Repository files navigation

docker-cloudberry

This project provides Docker images for running Apache Cloudberry in containers. It supports both single-node and multi-node deployments. The images can be used for development, testing, and learning purposes.

For Greenplum Database and its other forks (Greengage, WarehousePG, open-gpdb) Docker images, see the docker-greenplum repository.

The Cloudberry in docker provides the following features:

  • single-node deployment;
  • coordinator and segments deployment;
  • support for segment mirroring;
  • diskquota (not available in 2.1.0-incubating, will be added in a future release);
  • gpbackup/gprestore;
  • gpbackup-s3-plugin;
  • PXF (Platform Extension Framework);
  • custom initialization scripts;
  • WAL-G (physical backups).

Environment variables supported by this image:

  • TZ - container's time zone, default Etc/UTC;
  • CLOUDBERRY_USER - non-root user name for execution of the command, default gpadmin;
  • CLOUDBERRY_UID - UID of ${CLOUDBERRY_USER} user, default 1001;
  • CLOUDBERRY_GROUP - group name of ${CLOUDBERRY_USER} user, default gpadmin;
  • CLOUDBERRY_GID - GID of ${CLOUDBERRY_USER} user, default 1001;
  • CLOUDBERRY_DEPLOYMENT - Cloudberry deployment type, default singlenode, available values: singlenode, master, segment;
  • CLOUDBERRY_DATA_DIRECTORY - Cloudberry data directory location, default /data;
  • CLOUDBERRY_SEG_PREFIX - Cloudberry segment prefix, default gpseg;
  • CLOUDBERRY_DATABASE_NAME - Cloudberry database name, default demo, this database will be created during the initialization;
  • CLOUDBERRY_DISKQUOTA_ENABLE - enable diskquota, default false. Note: diskquota extension is not available in 2.1.0-incubating, the setting will be silently skipped;
  • CLOUDBERRY_PXF_ENABLE - enable PXF, default false;
  • CLOUDBERRY_WALG_ENABLE - enable WAL-G, default false;

Required environment variables:

  • CLOUDBERRY_PASSWORD - password for ${CLOUDBERRY_USER} user, required;

Build matrix

The repository contains information for the last available versions. For specific version, you can build your own image using the Build section.
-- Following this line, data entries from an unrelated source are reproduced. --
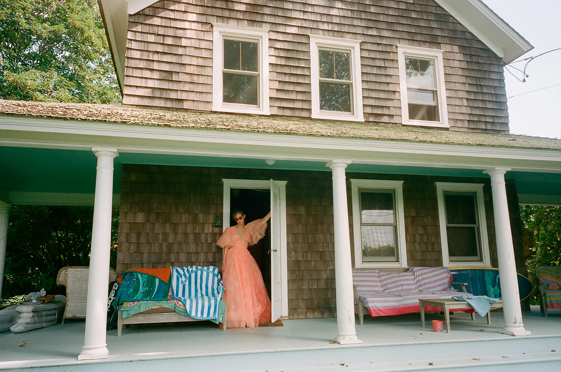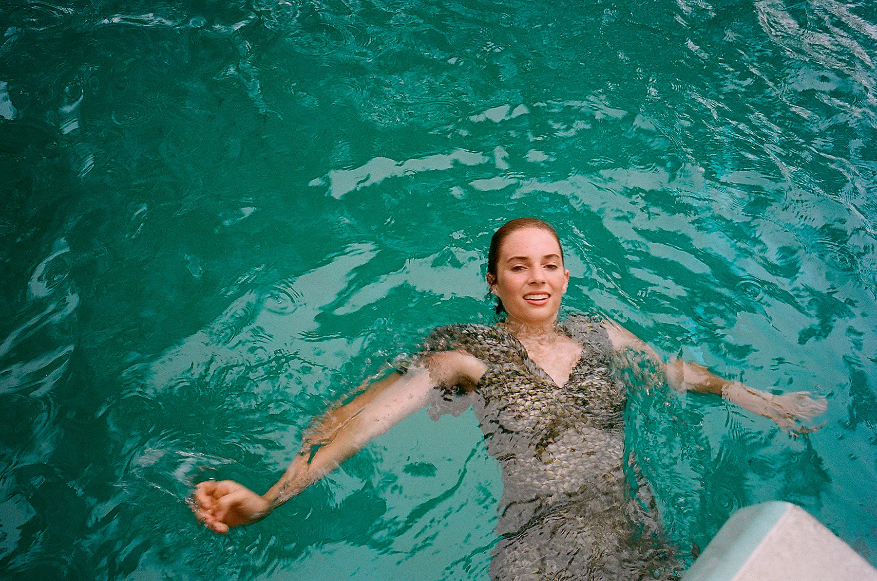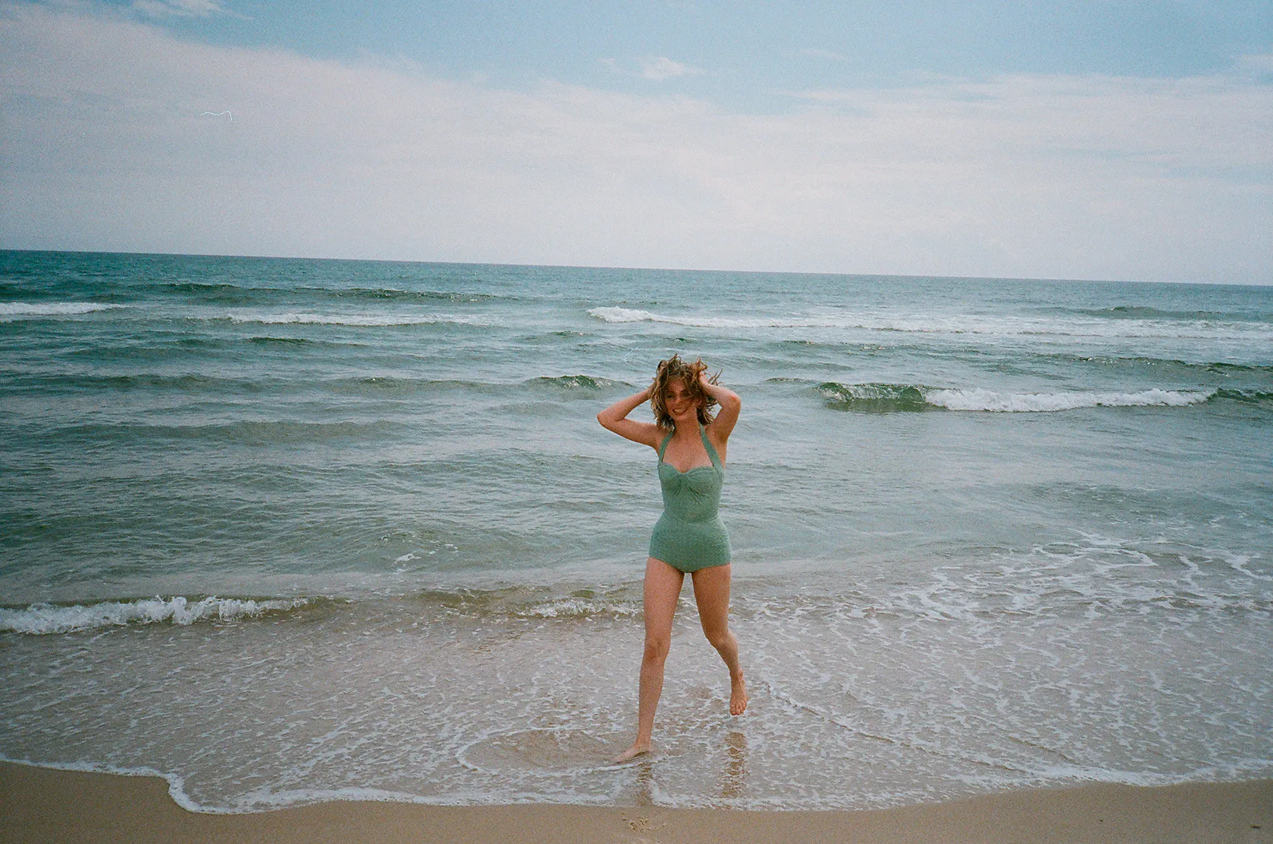The freckle-faced 20-year-old model and actress rocks minimal hair and makeup in the snaps as she frolics on the beach in retro-inspired bathing suits, takes a swim in a Liberty-print muumuu and casually lounges in taffeta gowns with the understated glamour of the collection in mind. “She’s vivacious and full of life and character,” Posen says of Hawke. “I thought a female photographer shooting a young woman and capturing the strength of the clothing despite it being very feminine and pretty was important.”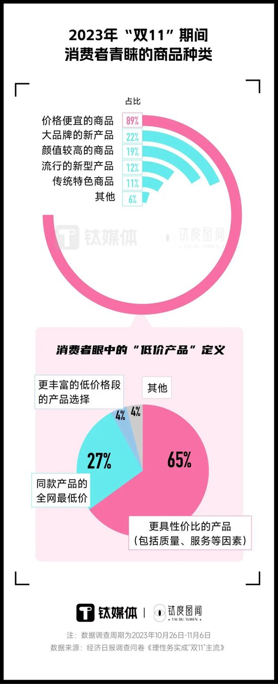 在今年“双11”中,调查显示,89%的消费者青睐便宜的商品。在进行消费决策时,越来越多的消费者会思考某一商品究竟是不是自己真正需要的,深思熟虑后再下单已是常态。而对于“低价产品”的定义,65%的消费者认为不应只是价格低,还要有更高的质量和更优的服务。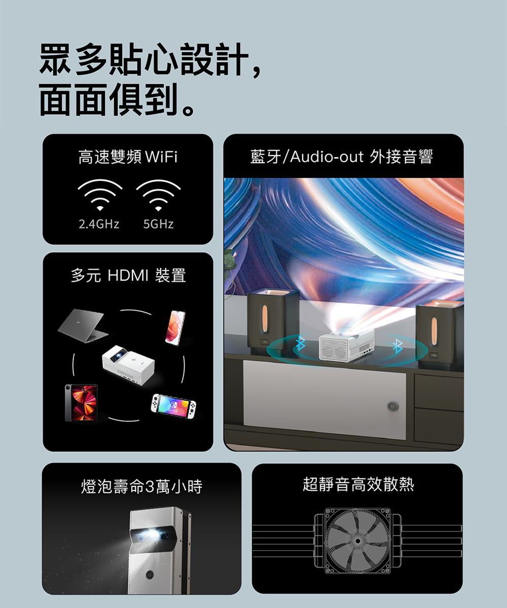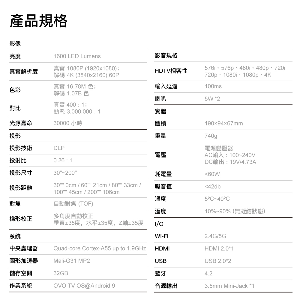 OVO 1080p超短焦 智慧投影機 KS1 時尚白*送四季線上+Friday影視30天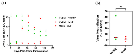 Anti-OvHV-2 antibody response in plasma of animals that developed MCF or were protected from disease following immunization with the AlHV-1-vectored vaccine delivered by intramuscular injection [VV(IM)] or a mock control and challenge with OvHV-2 in Experiment 2. (a) Individual OD ratio in plasma diluted at 1:400, as detected by ELISA. (b) Neutralizing antibody response at challenge time (64 days post-prime immunization), as measured by viral neutralization assay. Arrows represent immunizations (green) and challenge (red) times. ns, not statistically significant.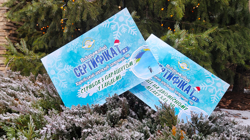 Новорічна акція «HOLIDAYS» від Харківського аероклубу триває! До 7 січня 2021 роки ви можете придбати подарункові сертифікати до свят за цінами 2020 року. Якщо ви ще не вирішили, як здивувати і порадувати близьких напередодні нового року, - ми придумали все за вас! Акційні святкові сертифікати на парашутні стрибки та ознайомчі польоти на аеродромі «Коротич» будуть дійсні до 01.06.2021 р, а сертифікати на навчання курсу теорії PPL (A) - протягом усього року. Кількість сертифікатів обмежена!.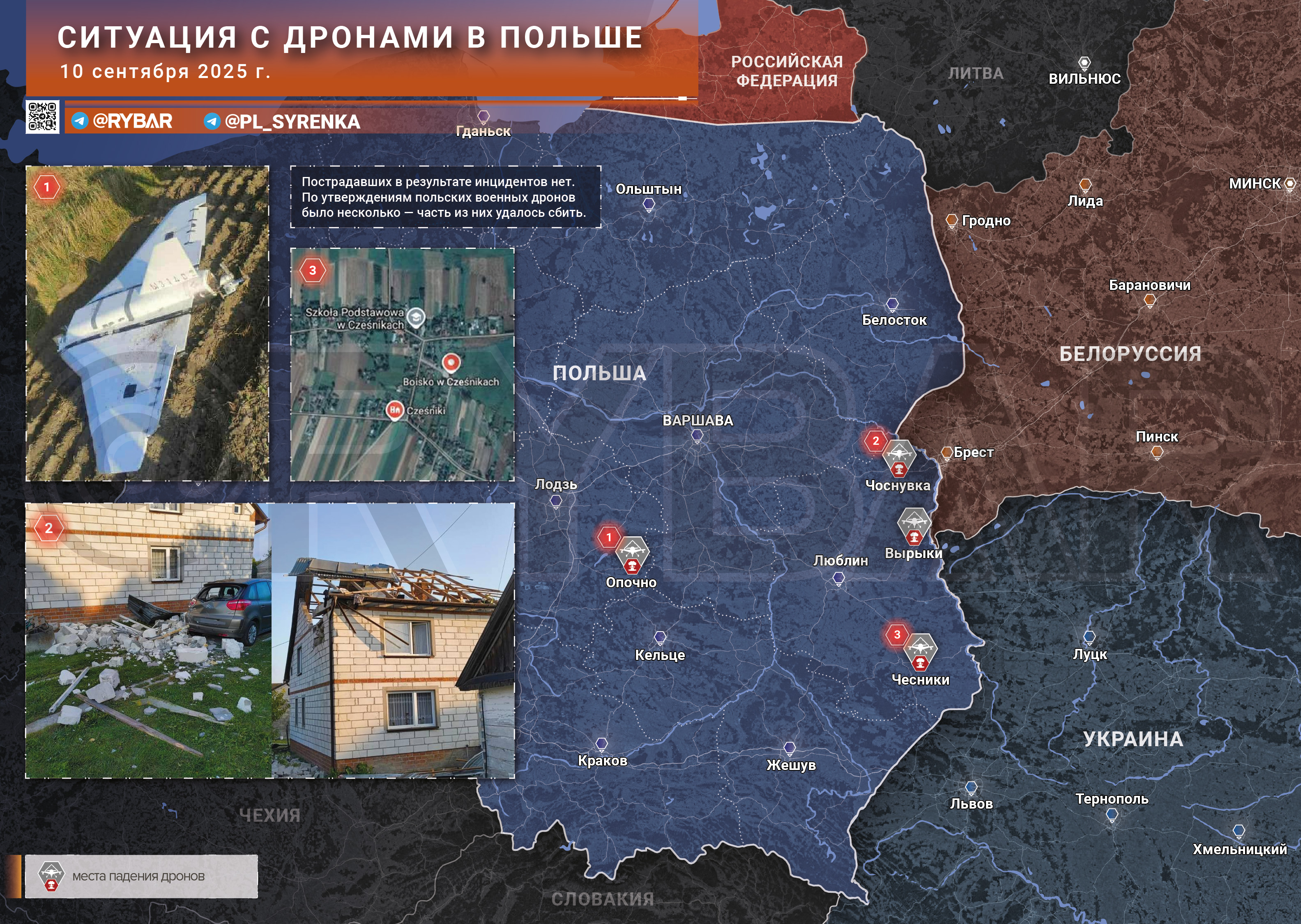Главная новость дня 10 сентября – якобы российские дроны залетели в воздушное пространство Польши, причём смогли проникнуть достаточно далеко вглубь территории страны – на 50 километров, при этом были подняты для перехвата истребители F-16 ВВС Польши, работала польская ПВО, однако перехватить беспилотники не смогли.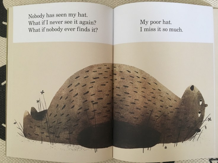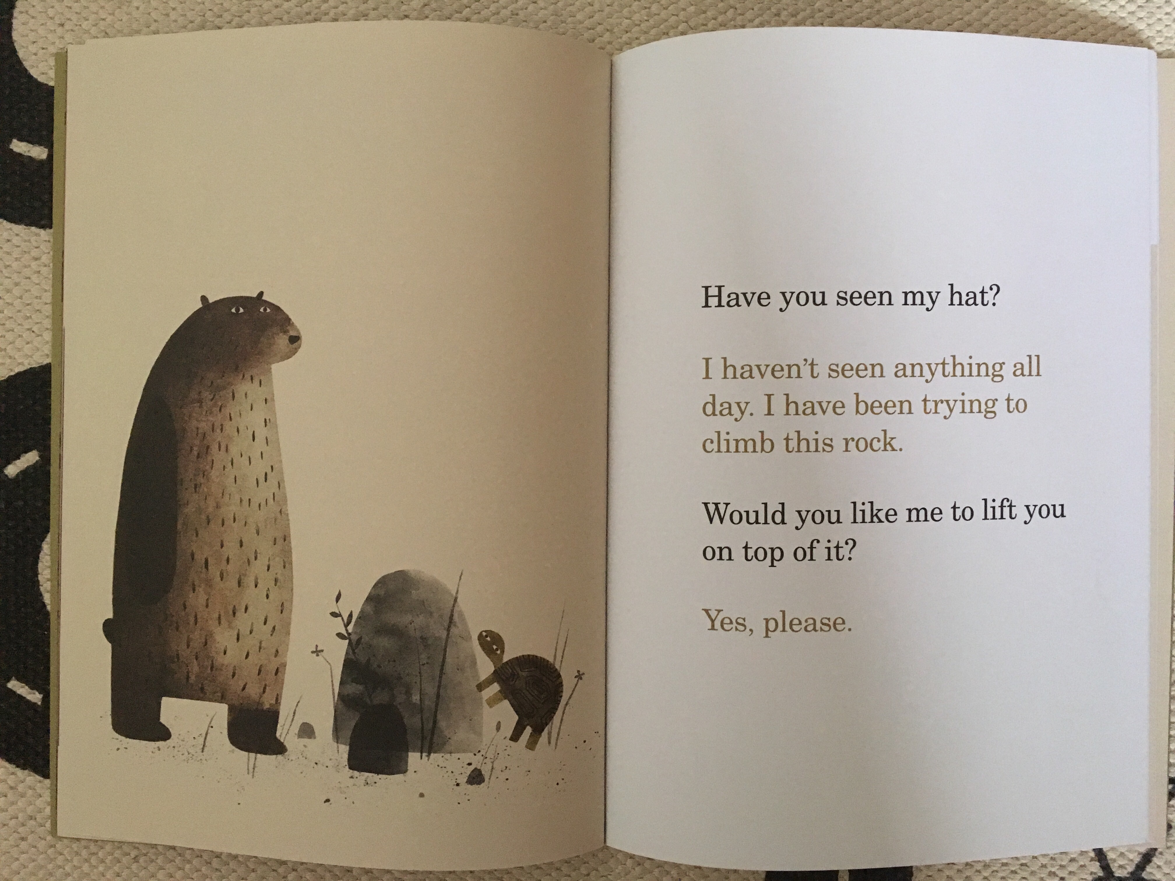 The story is straightforward. A bear has lost his hat and sets out to find out. As you turn each page, he meets a new creature who he politely questions on the whereabouts of his headwear.

Image CBDB Version Ubuntu 22.04 Rocky Linux 9 Platform
cloudberry 2.1.0-incubating-rc2 2.1.0-incubating-rc2, 2.1.0-incubating-rc2-ubuntu22.04 2.1.0-incubating-rc2-rockylinux9 linux/amd64, linux/arm64

Pull

Change tag to the version you need.

  • Docker Hub:
docker pull woblerr/cloudberry:tag
  • GitHub Registry:
docker pull ghcr.io/woblerr/cloudberry:tag

Run

You will need to mount the necessary directories or files inside the container (or use this image to build your own on top of it).

Simple

docker run -p 5432:5432 -e CLOUDBERRY_PASSWORD=gparray -d cloudberry:2.1.0-incubating-rc2

Connect to Cloudberry:

psql -h localhost -p 5432 -U gpadmin demo

Docker Secrets

As an alternative to passing sensitive information via environment variables, _FILE may be appended to CLOUDBERRY_PASSWORD environment variable. In particular, this can be used to load passwords from Docker secrets stored in /run/secrets/<secret_name> files.

For example:

docker run -p 5432:5432 -e CLOUDBERRY_PASSWORD_FILE=/run/secrets/gpdb_password -d cloudberry:2.1.0-incubating-rc2

Initialization Scripts

The image supports running custom initialization *.sql or *.sh scripts after Cloudberry was started. Place your scripts in the /docker-entrypoint-initdb.d directory inside the container.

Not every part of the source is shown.